## [What is needed]
Would you repeat every entry below word for word but drop the images?

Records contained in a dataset
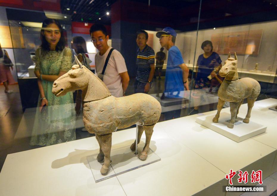 8月3日,正在新疆博物馆展出的“解忧故里——徐州汉代楚国精品文物展”,出土于徐州羊鬼山陪葬坑的陶马吸引参观者。据介绍,本次展览共展出徐州博物馆馆藏的117件汉代精品文物,分和亲万里、制如京师、勇兵锐器、奢华器用、永生之梦5个单元,令到场参观者重温解忧故里的汉代历史。中新社记者 刘新 摄
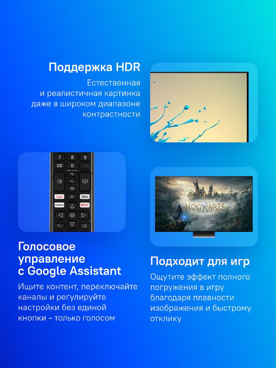 Четкая отличная картинка, хороший звук, чёрный цвет на VA матрице отличный, много настроек для настройки изображения под себя! Смотреть фильмы в HDR, Dolby Vision качестве, одно наслаждение
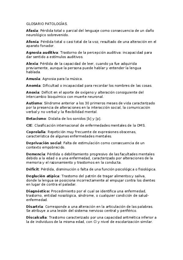He publicado nuevos practicas de 1º INTRODUCCIÓN A LA PATOLOGÍA DEL LENGUAJE: GLOSARIO-PATOLOGIAS.docx
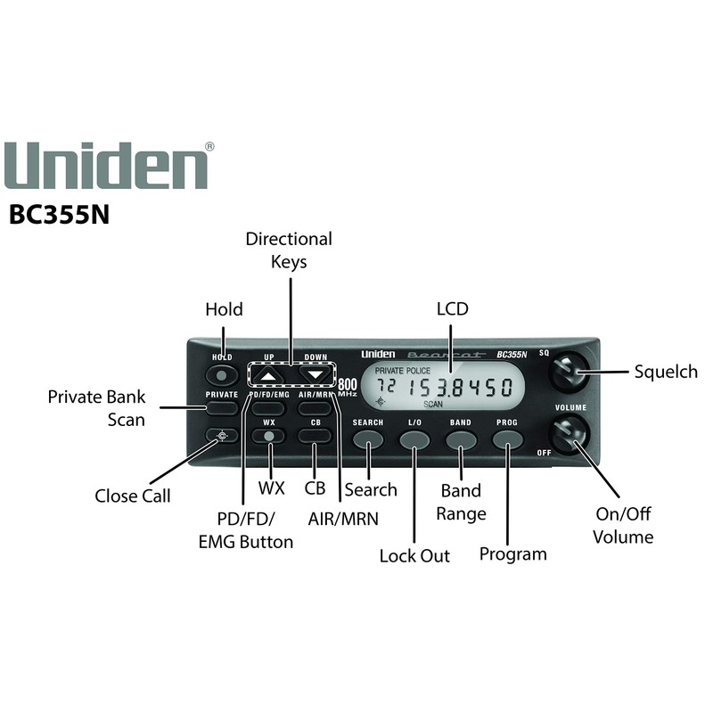- The Uniden Bearcat BC355N Mobile/Base Scanner is one of the most feature packed, user-friendly, entry level scanners available today. It can pick up analog receptions including 6 Service banks for monitoring Police, Fire, Emergency Medical Services, Marine, Air, Weather, and CB frequencies.
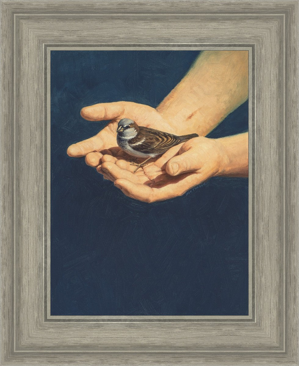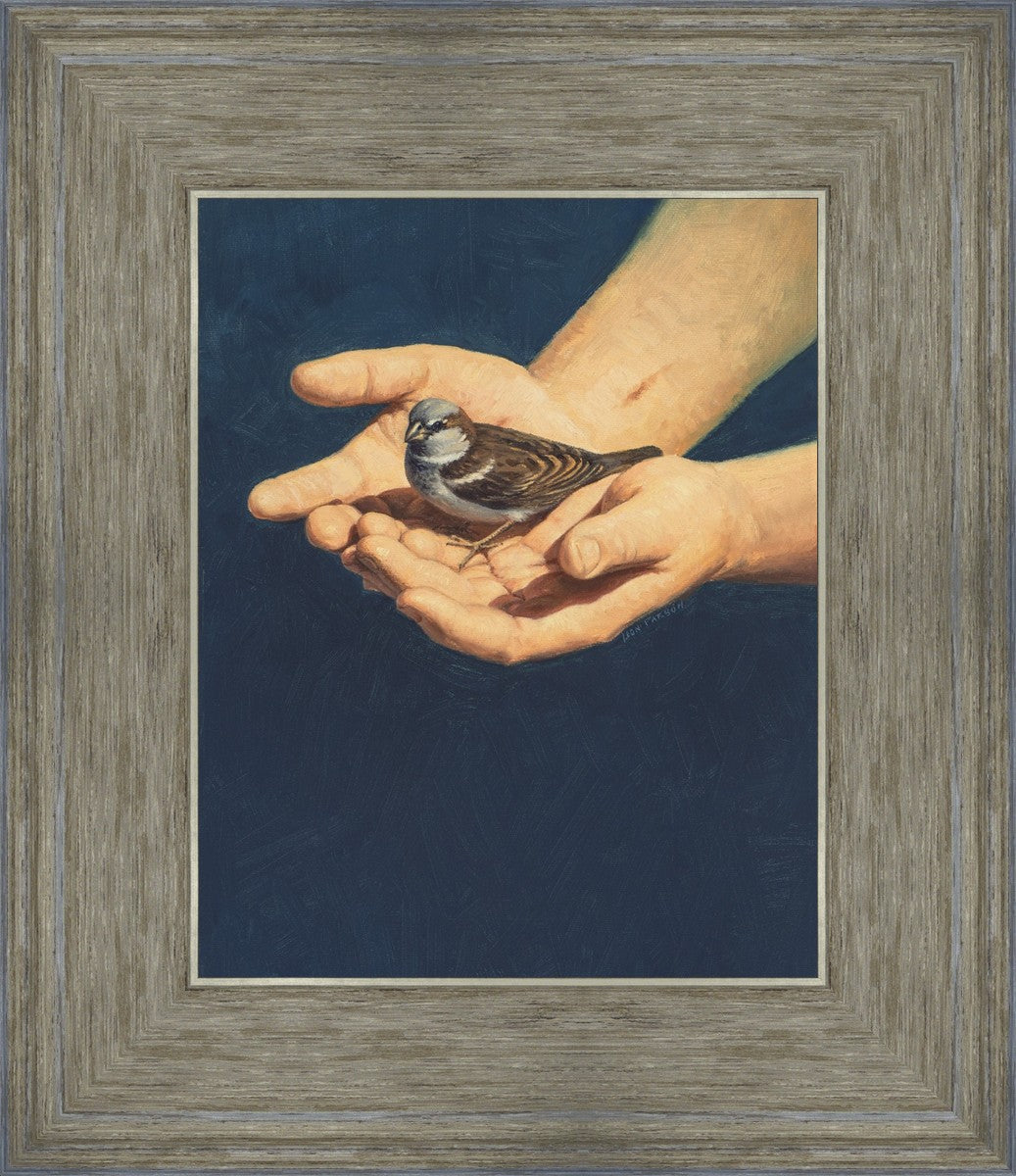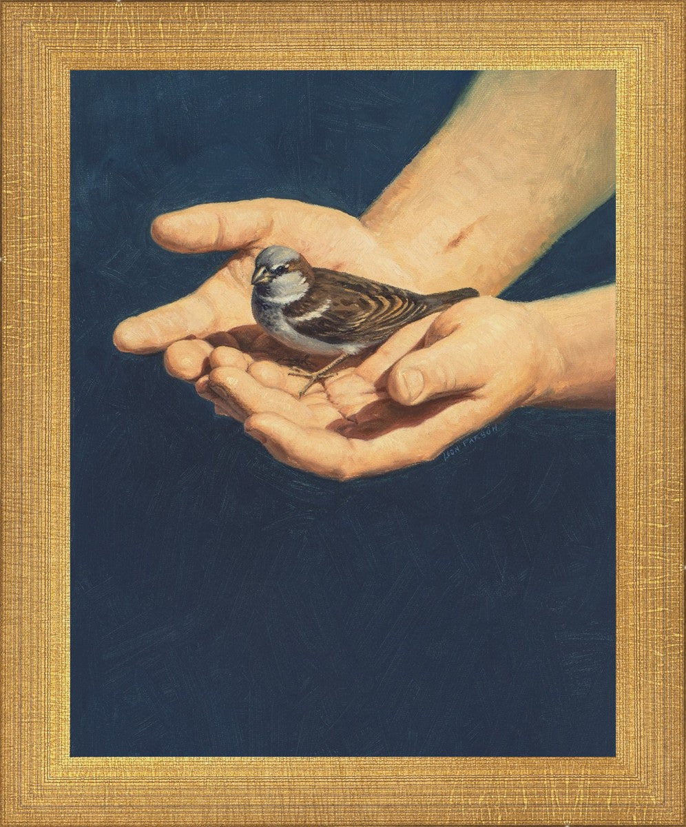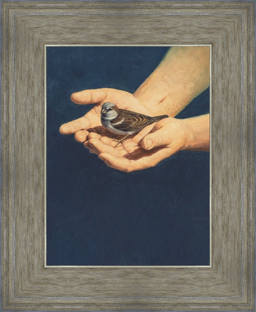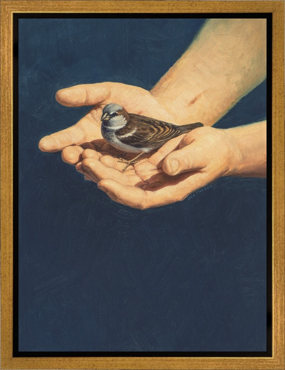 The composition was for a BYUI booklet. I used my friend’s hands and a mounted bird borrowed from the Biology Department. The English Sparrow markings were “invented” and painted on the shape of the mounted bird. Matthew 10:29
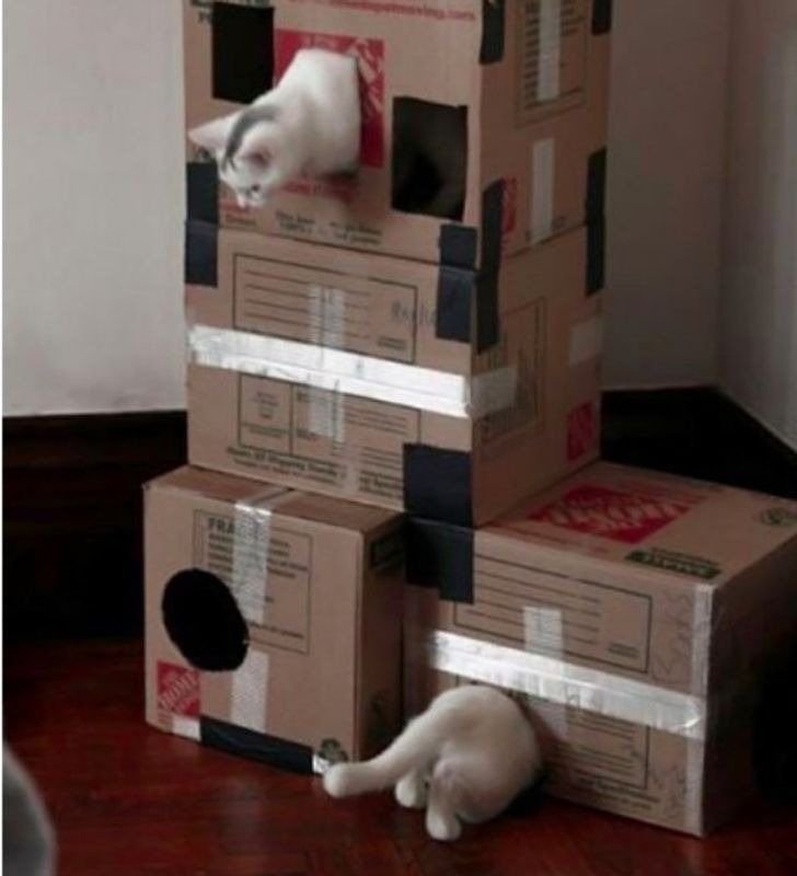 اس تصویر کو دیکھ کر ایسا لگ رہا ہے جیسے ایک بلی کا آدھا دھڑ نیچے ہے اور ایک کا اوپر لیکن درحقیقت ایسا نہیں ہے۔ یہ دو الگ الگ بلیاں ہیں جن میں سے ایک اوپر والے ڈبے میں ہے تو دوسری نیچے ڈبے میں داخل ہورہی ہے مگر دونوں کا جسم گتوں کے اندر کچھ اس انداز میں ہے جیسے لگ رہا ہو یہ ایک ہی بلی ہے۔
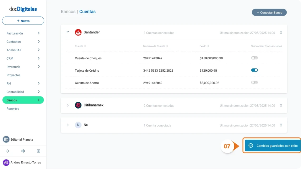 - La sincronización quedará activa y el sistema mostrará la notificación “Cambios guardados con éxito” para confirmar la acción.

## [Reply to the task]
 8月3日,正在新疆博物馆展出的“解忧故里——徐州汉代楚国精品文物展”,出土于徐州羊鬼山陪葬坑的陶马吸引参观者。据介绍,本次展览共展出徐州博物馆馆藏的117件汉代精品文物,分和亲万里、制如京师、勇兵锐器、奢华器用、永生之梦5个单元,令到场参观者重温解忧故里的汉代历史。中新社记者 刘新 摄
 Четкая отличная картинка, хороший звук, чёрный цвет на VA матрице отличный, много настроек для настройки изображения под себя! Смотреть фильмы в HDR, Dolby Vision качестве, одно наслаждение
He publicado nuevos practicas de 1º INTRODUCCIÓN A LA PATOLOGÍA DEL LENGUAJE: GLOSARIO-PATOLOGIAS.docx
- The Uniden Bearcat BC355N Mobile/Base Scanner is one of the most feature packed, user-friendly, entry level scanners available today. It can pick up analog receptions including 6 Service banks for monitoring Police, Fire, Emergency Medical Services, Marine, Air, Weather, and CB frequencies.
 The composition was for a BYUI booklet. I used my friend’s hands and a mounted bird borrowed from the Biology Department. The English Sparrow markings were “invented” and painted on the shape of the mounted bird. Matthew 10:29
 اس تصویر کو دیکھ کر ایسا لگ رہا ہے جیسے ایک بلی کا آدھا دھڑ نیچے ہے اور ایک کا اوپر لیکن درحقیقت ایسا نہیں ہے۔ یہ دو الگ الگ بلیاں ہیں جن میں سے ایک اوپر والے ڈبے میں ہے تو دوسری نیچے ڈبے میں داخل ہورہی ہے مگر دونوں کا جسم گتوں کے اندر کچھ اس انداز میں ہے جیسے لگ رہا ہو یہ ایک ہی بلی ہے۔
 - La sincronización quedará activa y el sistema mostrará la notificación “Cambios guardados con éxito” para confirmar la acción.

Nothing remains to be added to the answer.